Pytorch下基于lstm的股价预测

一、库准备

import matplotlib.pyplot as plt
from sklearn.preprocessing import MinMaxScaler
import numpy as np
import akshare as ak
import torch
from torch import nn

二、构造

1.把茅台2017年到今天的股价画出来

share_prices=ak.stock_zh_a_hist(symbol='600519',start_date='20170101',end_date='20220410',adjust='qfq')['收盘'].values

share_prices = share_prices.astype('float32')  # 转换数据类型: obj ->float
plt.plot(share_prices)

Pytorch下基于lstm的股价预测_第1张图片

2.数据normalization

# 将数据集标准化到 [-1,1] 区间
scaler = MinMaxScaler(feature_range=(-1, 1))  # train data normalized
share_prices = scaler.fit_transform(share_prices.reshape(-1, 1))

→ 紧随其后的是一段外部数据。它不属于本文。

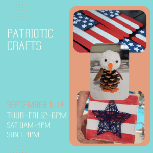 In honor of September 11, join us for a weekend of patriotic crafting. Choose from three featured projects: Patriotic String Art, Popsicle Stick Flags (punch card eligible), and Pinecone Eagles (punch card eligible). Let’s create together and Never Forget.

 Pytorch下基于lstm的股价预测_第2张图片

 3.构造一个数据切分函数

def create_dataset(data, days_for_train=5) -> (np.array, np.array):
    """
        根据给定的序列data,生成数据集。
        数据集分为输入和输出,每一个输入的长度为days_for_train,每一个输出的长度为1。
        也就是说用days_for_train天的数据,对应下一天的数据。
        若给定序列的长度为d,将输出长度为(d-days_for_train)个输入/输出对
    """
    dataset_x, dataset_y = [], []
    for i in range(len(data) - days_for_train):
        _x = data[i:(i + days_for_train)]
        dataset_x.append(_x)
        dataset_y.append(data[i + days_for_train])
    return (np.array(dataset_x), np.array(dataset_y))
dataset_x, dataset_y = create_dataset(share_prices, DAYS_FOR_TRAIN)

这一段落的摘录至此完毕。